• _What is expected_:
Copy, please, the line with "اول با استفاده" and each line that follows it through the end of the data below, exactly as given and without pictures.

• _Source material_:
------------------------------------

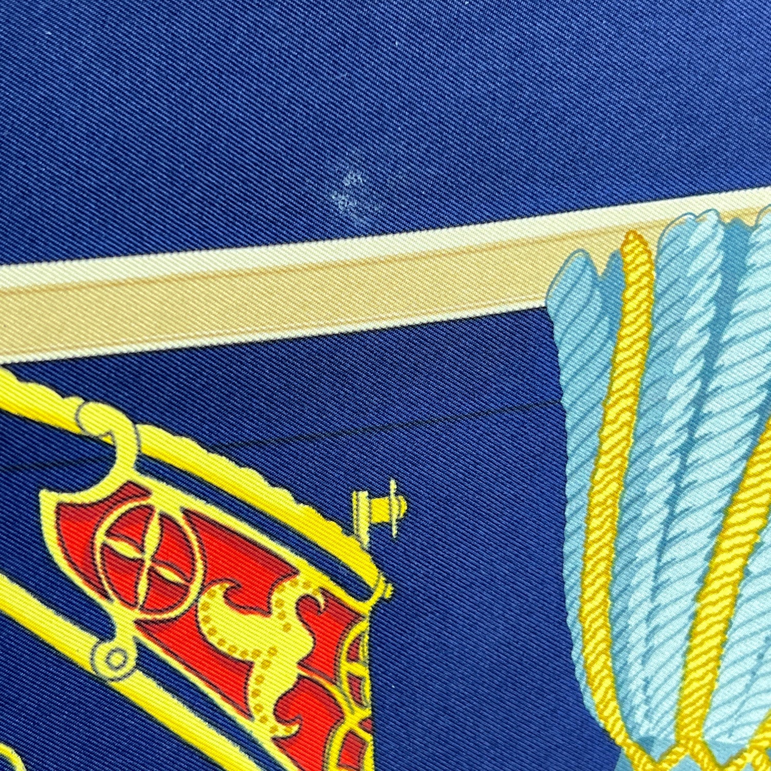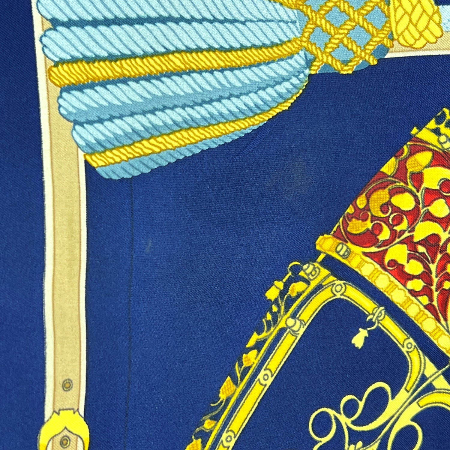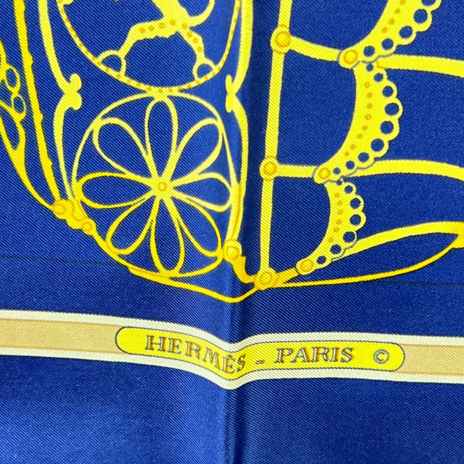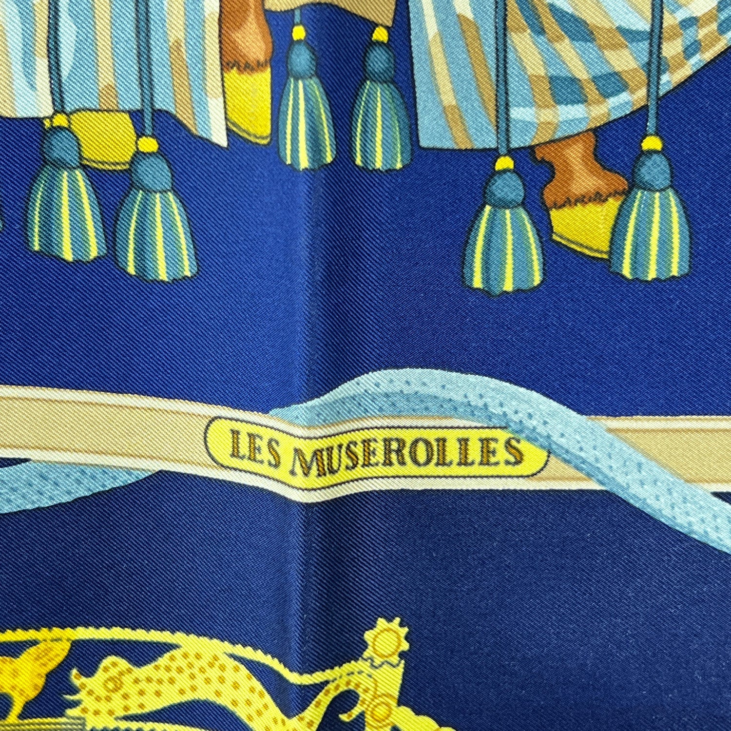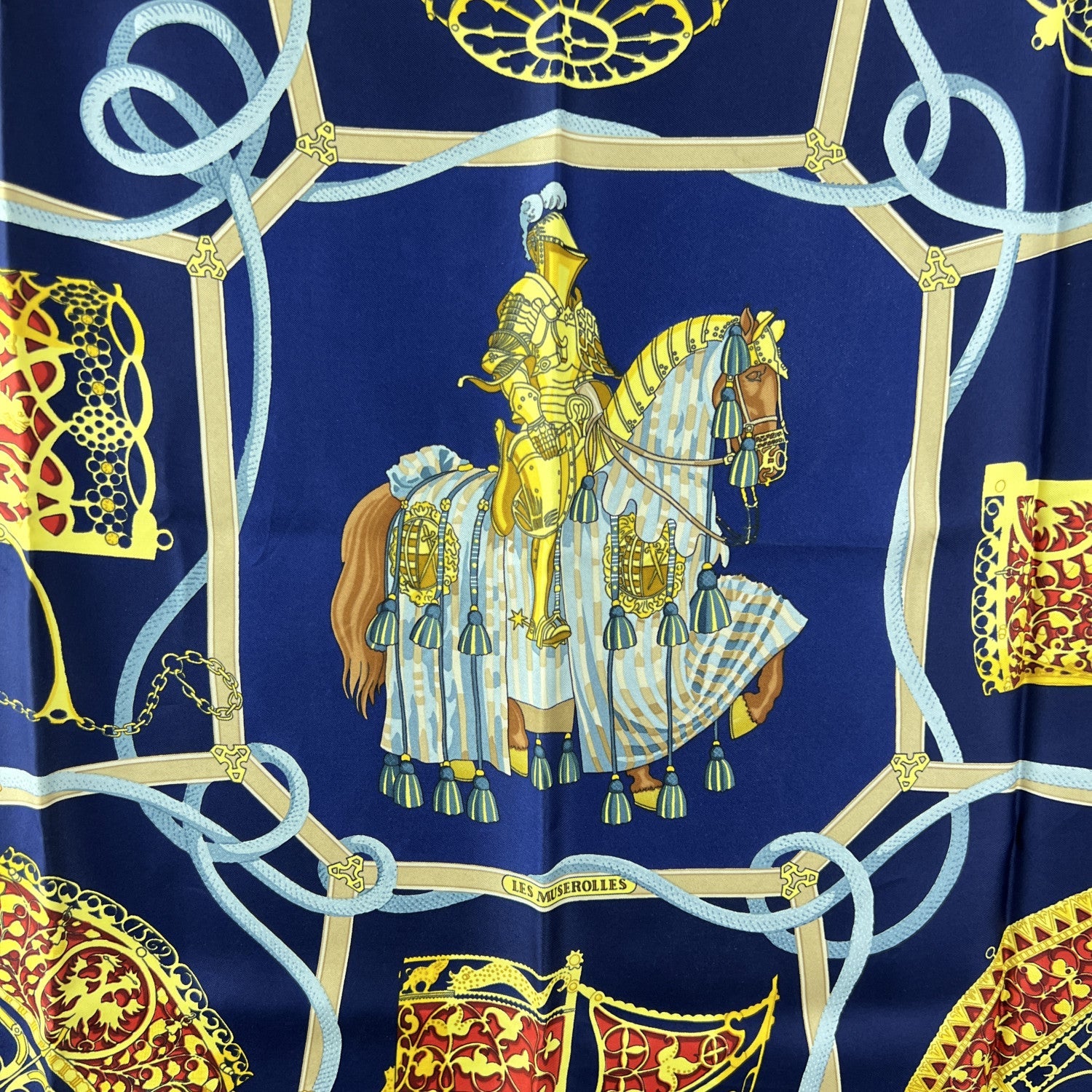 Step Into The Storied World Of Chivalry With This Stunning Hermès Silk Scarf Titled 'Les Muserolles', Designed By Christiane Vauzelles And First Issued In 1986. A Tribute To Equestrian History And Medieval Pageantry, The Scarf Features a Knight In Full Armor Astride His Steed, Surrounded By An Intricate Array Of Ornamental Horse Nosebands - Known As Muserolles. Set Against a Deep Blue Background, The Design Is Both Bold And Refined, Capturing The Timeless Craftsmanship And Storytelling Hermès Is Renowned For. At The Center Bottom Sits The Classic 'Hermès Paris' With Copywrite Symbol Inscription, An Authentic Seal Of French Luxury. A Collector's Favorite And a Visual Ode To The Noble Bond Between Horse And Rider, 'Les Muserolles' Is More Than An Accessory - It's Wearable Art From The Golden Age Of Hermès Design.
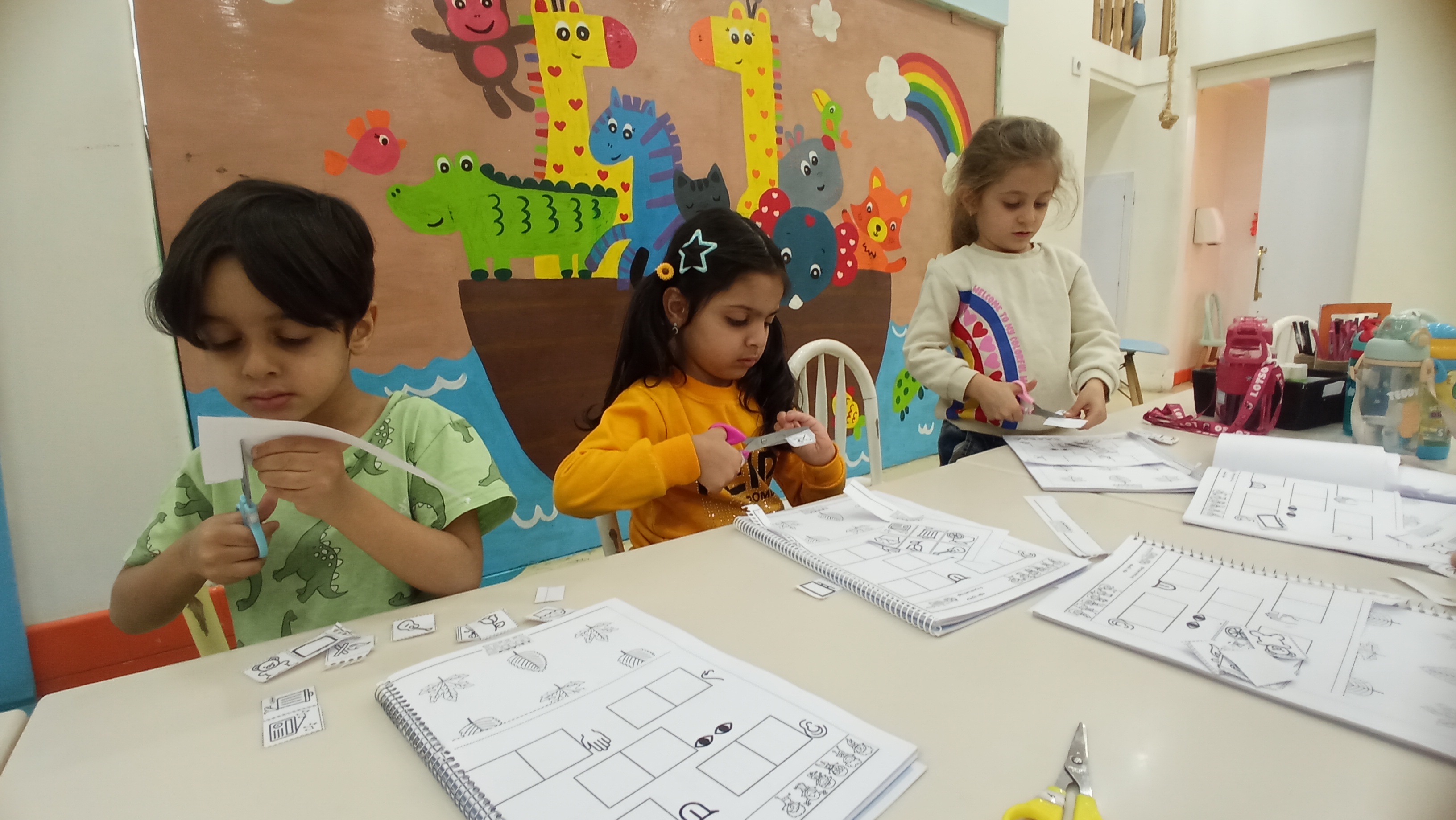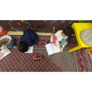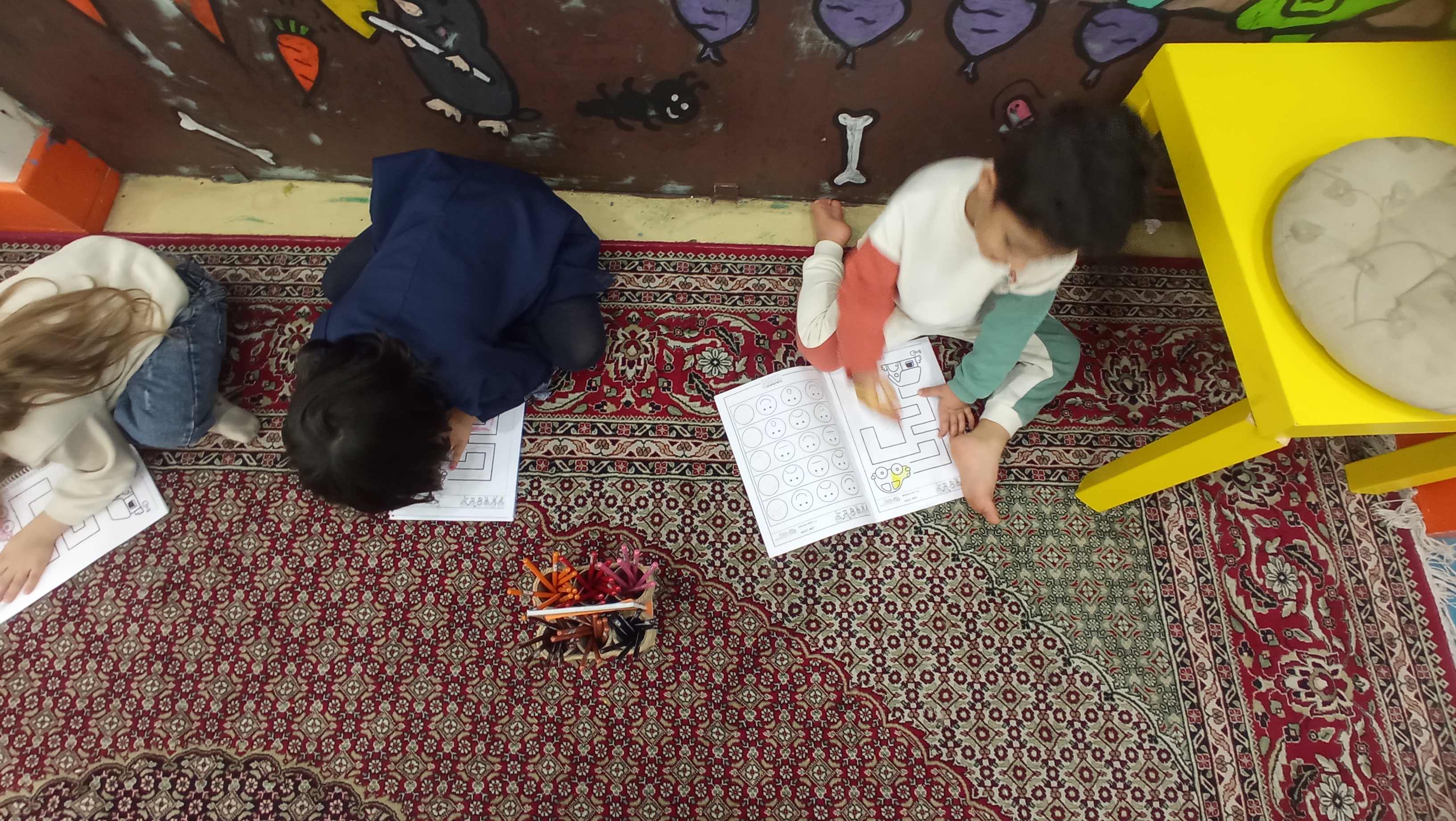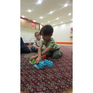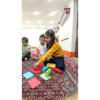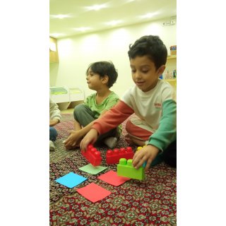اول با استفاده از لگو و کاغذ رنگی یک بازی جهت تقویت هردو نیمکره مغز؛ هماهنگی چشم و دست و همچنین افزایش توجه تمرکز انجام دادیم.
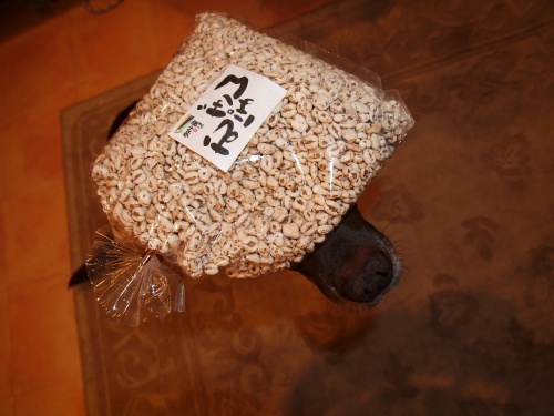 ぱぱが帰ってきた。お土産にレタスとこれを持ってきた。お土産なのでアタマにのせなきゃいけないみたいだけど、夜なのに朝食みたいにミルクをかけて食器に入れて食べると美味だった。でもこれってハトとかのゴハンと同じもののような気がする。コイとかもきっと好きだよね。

------------------------------------

• _Expected answer_:
اول با استفاده از لگو و کاغذ رنگی یک بازی جهت تقویت هردو نیمکره مغز؛ هماهنگی چشم و دست و همچنین افزایش توجه تمرکز انجام دادیم.
 ぱぱが帰ってきた。お土産にレタスとこれを持ってきた。お土産なのでアタマにのせなきゃいけないみたいだけど、夜なのに朝食みたいにミルクをかけて食器に入れて食べると美味だった。でもこれってハトとかのゴハンと同じもののような気がする。コイとかもきっと好きだよね。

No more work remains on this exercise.